Worked example: 4-officer council

use argumentation_values::{
Audience, MultiAudience, Value, ValueAssignment, ValueBasedFramework,
};
use argumentation::ArgumentationFramework;

// Build the siege-council framework.
let mut base = ArgumentationFramework::new();
for arg in ["fortify", "abandon", "sortie", "evacuate"] {
base.add_argument(arg);
}
base.add_attack(&"fortify", &"abandon")?;
base.add_attack(&"abandon", &"fortify")?;
base.add_attack(&"sortie", &"abandon")?;

let mut values = ValueAssignment::new();
values.promote("fortify", Value::new("duty"));
values.promote("abandon", Value::new("survival"));
values.promote("sortie", Value::new("victory"));
values.promote("evacuate", Value::new("survival"));

let vaf = ValueBasedFramework::new(base, values);

// Each officer has their own audience.
let aleric = Audience::total([Value::new("duty"), Value::new("victory"), Value::new("survival")]);
let maren = Audience::total([Value::new("survival"), Value::new("duty"), Value::new("victory")]);
let drust = Audience::total([Value::new("victory"), Value::new("duty"), Value::new("survival")]);
let liss = Audience::total([Value::new("survival"), Value::new("victory"), Value::new("duty")]);

let council = [aleric, maren, drust, liss];
let multi = MultiAudience::new(&council);

let consensus = multi.common_grounded(&vaf)?;
println!("Council consensus: {:?}", consensus);

Empty audience set

MultiAudience::new(&[]) is a valid construction — empty universal quantifier means every argument is trivially in the consensus set:

let no_audiences = MultiAudience::new(&[]);
let everything = no_audiences.common_grounded(&vaf)?;
assert_eq!(everything.len(), vaf.base().len());

This is rarely useful directly, but it lets the API stay total without special-casing.

Cost

Each common_grounded call costs k × O(grounded extension) where k is the audience count. Each common_credulous call costs k × O(preferred extensions) — preferred is exponential in the worst case but tractable for narrative-scale frameworks (≤ 22 args, the upstream ENUMERATION_LIMIT).

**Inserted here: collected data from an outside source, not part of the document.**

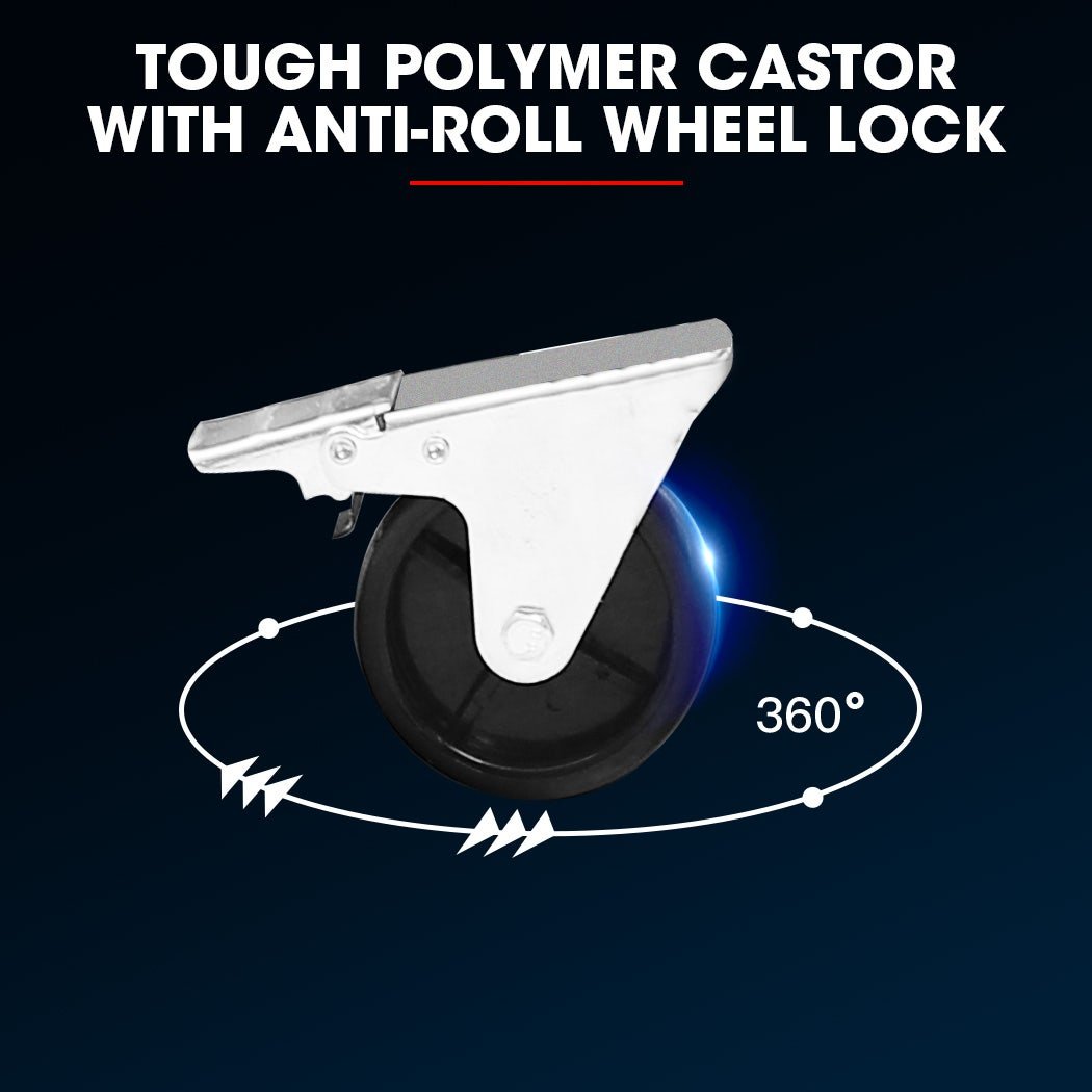 The Bullet 3 Drawer storage trolley comes with an upper chest where valuable or often “borrowed” items can be stored. The drawers have varying depths and sizes to accommodate all types of equipment and parts. The lower cabinet features a self-contained door that stays open and out of the way for easy access to its contents. This space is large enough to keep a range of bulkier items. The cabinet sits on top of four caster wheels with 2 x caster locks, so you have the option to secure it in one place or move it with you around a workspace. This compact double unit fits discreetly in even the smallest spaces or storage areas.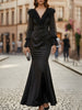 Mooyius presents an elegant mermaid evening dress designed with dramatic sophistication and refined feminine detail. This black gown features a deep V-neckline framed with layered ruffle accents, sheer long sleeves finished with flared ruffle cuffs, and a wrap-style bodice that defines the waist with clean, sculpted lines. The skirt flows into a graceful mermaid hem, creating a striking, elongated silhouette.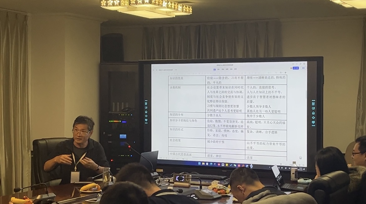 周一骑教授以《思想史与心理学中的两种视野》为题,介绍了受限视野和不受限视野下的人性、人生态度、克服局限方式、知识观、决策机制、社会政策等,并结合中国古代不同的思想流派对两种视野进行了深入的阐释。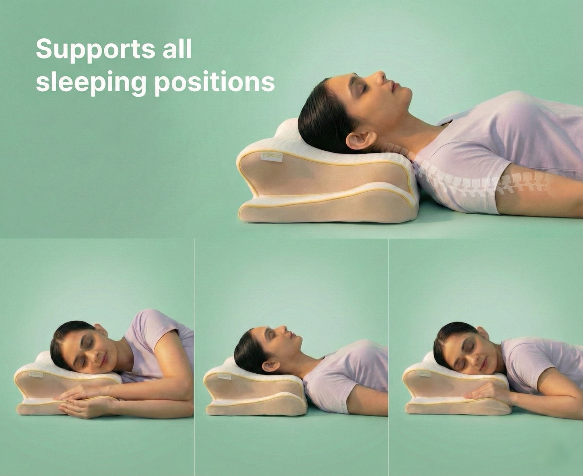 Shaped to cradle your neck and shoulders for all-night support. - Side, back, or stomach—rest assured.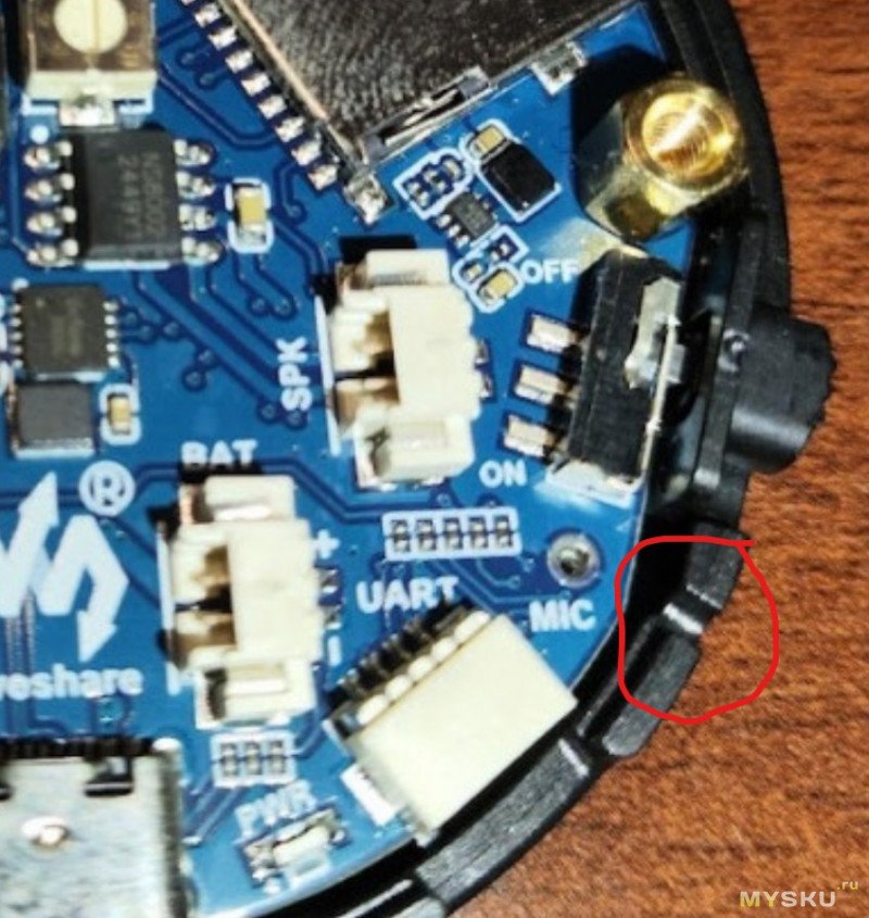 Выполнено аккуратно, UART и SPI выведены в разъёмы, есть слот под карту памяти(с аутентичным китайским отпечатком). Становится понятно, что боковые кнопки — это стандартные для всех девкитов BOOT и RST. Тумблер включения кстати просто разрывает линию от аккумулятора, при подключении к USB железка включается вне зависимости от его положения.Из интересного — зоркий глаз может заметить некий разъём RTC — он нужен для подключения батарейки для питания RTC чипа (PCF85063). Вероятно, в каких-то задачах может пригодиться.
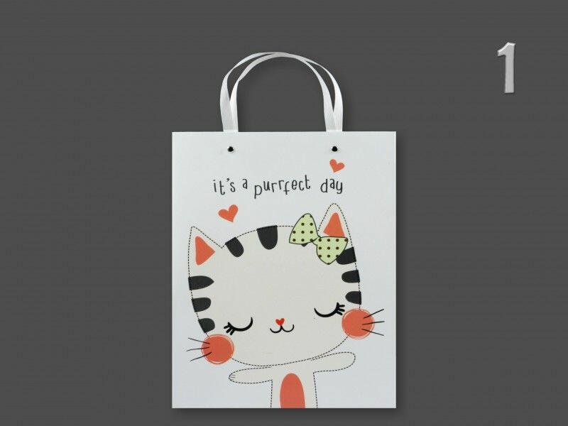 Ajándéktasak rajzolt állatos fehér közép 18x10x23cm 4féle 02753 4 féle típus választhatóBefoglaló méretek 18x10x23 cmDísztasak MAnyaga papír

For very large councils (10+ characters), prefer common_grounded over common_credulous — the cost gap widens with audience count.

When NOT to use this

  • Single-character scenes. Use vaf.grounded_for(&audience) directly.
  • Asymmetric votes (e.g., the king's audience counts double). MultiAudience is symmetric — model weighted voting at a higher layer.
  • Probabilistic acceptance. Not a feature. See open areas for the probabilistic AF roadmap.